Tuesday, March 15, 2011

Photo Nostalgia - Syria, Part 1: Aleppo

In 2007, I trekked from Greece to Egypt... by land. This required going through Syria (via Turkey), at a time when Americans were advised against going there. Here's Part 1 of my Photo Nostalgia series on the country.
Bashar al-Assad welcomes you at the Turkish border (Bab al-Hawa) to the Syrian Arab Republic...

...where a proper queue up isn't de rigeur.

After clearing customs (which at first handed my passport back to the one other white guy), I was officially in, baby!

But our Turkish bus wouldn't be taking us very far. I was right above the wheel well when this bad boy exploded; forgive the stereotype of the Middle East if I say it felt like a landmine.

Turkish enginuity, right there... and of course it didn't work (those are brittle sandstone rocks which crumbled shortly thereafter).

Kids from the border village came out to see our predicament... I tried some basic Arabic phrases, which they replied to enthusiastically (don't let their stoic faces fool you - that's a typical photo pose).

We eventually caught another bus that took us into Aleppo, Syria's second largest city. Here's the Citadel of Aleppo, dominating the city.

Syria was my first Arab country, but wouldn't be my last. That's more than I can say for this photo, which I'm a bit embarrassed about taking - it WOULD be my last in the Mid East.

Citadel of Aleppo

My two Pakistani-American acquaintances enter the Citadel.

The Citadel is one of the oldest castles in the world, although it's been restored several times in its history.

Our newfound friend showed us around (name withheld, just in case).

Citadel interior

View over Aleppo (not the most photogenic of cities, but with plenty of attractions all the same)

My friend enjoys his waterpipe in the shade of the citadel's interior.

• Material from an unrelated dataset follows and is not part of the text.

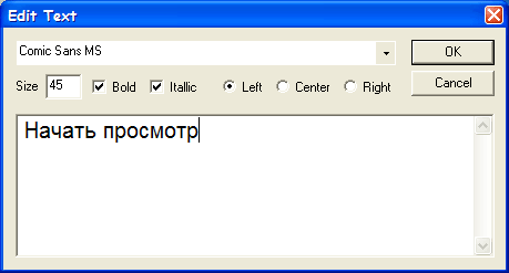 Текст можно двигать. Щелкните и удерживайте его мышкой, располагая как угодно, все зависит от фантазии. Или расположите строки одна под другой, выделите их и щелкните по выделенному левой кнопкой мыши. Появится меню, в котором находятся дополнительные инструменты для расположения вашего текста в окне. В данном случае выровняйте строки по левому краю, применив команду Align Left.

One of the many parts of Aleppo's famous souq, the world's largest.

Now THAT'S fresh.

Great Mosque of Aleppo, dating from the 13th century and believed by Muslims to house the remains of Zechariah, the father of John the Baptist (both revered as prophets in Islam).

Great Mosque

Interior of Great Mosque

A lot of cute kids wanted to get to know the Westerner. Their parents even invited me to coffee if I came to their city (the mosque was a pilgrimage destination within Syria).

Mihrab and minbar inside the Great Mosque

It's obviously a huge mosque.

More kids inside the mosque.

Not sure which street this was, but it was a bustling one even for Aleppo.

Bab al-Faraj, a clocktower that's a local landmark.

National Museum, Aleppo

I believe this was Hittite artwork, but I honestly have no clue (I don't remember good signs in the museum, unlike in Damascus... I might be very mistaken, however).

This is my handle, this is my spout...

A model of Aleppo, with the scope of the Citadel plain to see.

Horse beneath the ruins of the Church of St. Simeon Stylites (aka Deir Semaan), about 22 miles outside of Aleppo (and well worth the cab ride).

Deir Semaan

The cab driver that took us had never been here before, and even he was impressed. The size of the original basilica was nearly as large as Haghia Sophia in Istanbul. The rock at the center of the photo is all that remains of St. Simeon's 15 meter high pillar, due to centuries of relic taking.